Tras esperar varios días sin que Pian Cai Xi Li Ju se pusiera en contacto con ella, Meng le preguntó a Hong Tou Sheng si le había dado su número de teléfono. Hong Tou Sheng respondió que sí.
Meng se preguntaba por qué no la contactaba. ¡Que no la contactara significaba que tenía algo que ocultar! Meng quería ayudarlo a romper la maldición, pero no quería dejarlo escapar tan fácilmente.
Ese día, finalmente recibí una extraña llamada telefónica de un chico.
“Soy amigo de Xi Liju, me llamo Liju del Oeste”, dijo. “¿Para qué lo necesitas?”
Meng hizo una pausa por un momento y luego dijo: "¿Por qué no me llamó?".
"Oh, yo tampoco lo sé. Te llamé a sus espaldas. Quería saber de qué querías hablar con él."
Meng pensó un momento y dijo: "Él también tiene un nombre de usuario, ¿verdad?". Escuchó una risa al otro lado de la línea:
"Sí, hay más de uno. No sé a cuál te refieres específicamente."
"¿Lulu es el niño bueno?" Meng pronunció el nombre casi entre dientes.
—Sí, es cierto. ¿Cómo lo supiste? Nadie más que yo debería saber esto. La otra persona estaba desconcertada.
Meng dijo fríamente: "¿Por qué no puedo saberlo? ¡Conozco casi todos sus nombres! Quiero preguntarle por qué dejó de ser moderador".
"Oh, ya no podemos conectarnos a internet, nos duelen las manos, y cuando encendemos el ordenador, lo único que vemos es pelo, es horrible, así que..."
"¿La piel de tus manos se está volviendo áspera, como la cáscara de una naranja? ¿Y te duele?"
"Sí, sí, ¿cómo lo supiste? ¿Quién eres?"
Meng se llevó el teléfono a los ojos, lo miró y luego se lo puso en la oreja, diciendo:
"¡Porque yo le obligué a hacerlo!"
"¿Tú? ¿Por qué? Tú..." La sorpresa al otro lado de la línea era palpable.
"¡Porque siempre se mete conmigo!" Meng se calmó de repente y preguntó: "¿Tu mano también es así?"
"Sí. Solo le ayudé a publicar algunos hilos en un foro, eso es todo, ¡Dios mío, es increíble!"
"No hay nada increíble en ello. Es porque la mayoría de las publicaciones que hiciste me insultaban, ¡por eso te pedí que hicieras esas cosas!"
"¿Eres tú Meng, del grupo 'Danza del Viento y la Sombra'?"
"Sí."
Tras un largo silencio, la otra persona dijo: "¿Puedo disculparme en su nombre? Quizás su comportamiento fue vergonzoso, pero espero que puedas comprenderlo y perdonarlo".
—Dígame sus razones —dijo Meng con frialdad.
"Por su culpa, no goza de buena salud. Si como hombre no se comporta como tal, imagínate lo doloroso que debe ser para él. Por eso, siempre espero que la gente lo perdone lo máximo posible por lo que hizo. Publicó en Fengying Wuying y luego registró muchos nombres para promocionarse, sin molestar a nadie. Lo que pasa es que después tus publicaciones superaron a las suyas, y además ya lo habías insultado antes, así que es normal que se vengara. No tenía ninguna otra intención; solo quería que te fueras de Fengying Wuying para que pudieras volver a Juventud y Literatura, lo que aumentaría tu popularidad y reduciría el número de personas que competían con él en Fengying Wuying. Eso es todo."

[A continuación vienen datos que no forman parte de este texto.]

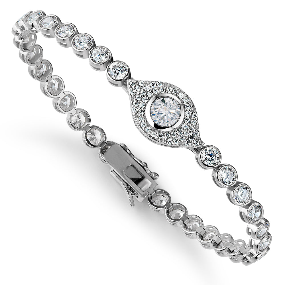 A celebration of refined sophistication, this tennis bracelet features a showcases brilliant Tru-Diamonds™ encircled by a radiant pave setting. Perfectly balanced for everyday elegance or evening glamour.
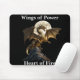 Ein erbitterter goldener Drache, der mit dem Vollmond im Hintergrund aufsteht. Ein Slogan "Flügel des Powers, Feuerherz" umschließt das Bild. Ein tolles Mauspad für einen Mann oder eine Frau, der Fantasy genießt. Enthält generativen Inhalt.

Meng colgó el teléfono de golpe, abrió la página web de "Juventud y Literatura", luego abrió su diario, pulsando frenéticamente el botón "editar" en la parte inferior del diario, y finalmente cambió todo el contenido del diario por un punto.
"¡¿Cómo pude haberme olvidado de este lugar?!" Meng golpeó el escritorio de la computadora con el puño.
Sí, me preguntaba cómo Lulu sabía tanto sobre mi vida privada; ¡nunca lo habría imaginado!
Cuando Meng abrió el foro, el nombre "Pian Cai Xi Li Ju" había desaparecido, siendo reemplazado por "Luo Hua Ye Wu Qing".
¿Por qué arrancaste los crisantemos junto a la cerca oeste? ¡Lulu, querida! ¿Por qué hiciste eso? Solo estás desahogando tu ira, ¡pero estás causando dolor a mucha gente! Meng se cubrió la cabeza con ambas manos.
En el templo Yunfeng, en la montaña Yunfeng, Meng estaba sentada con las piernas cruzadas en el futón frente a Minghui, agarrándose la cabeza con angustia. Quería decirle algo, pero al final, no dijo nada.
Frente a ella, Minghui la observaba en silencio.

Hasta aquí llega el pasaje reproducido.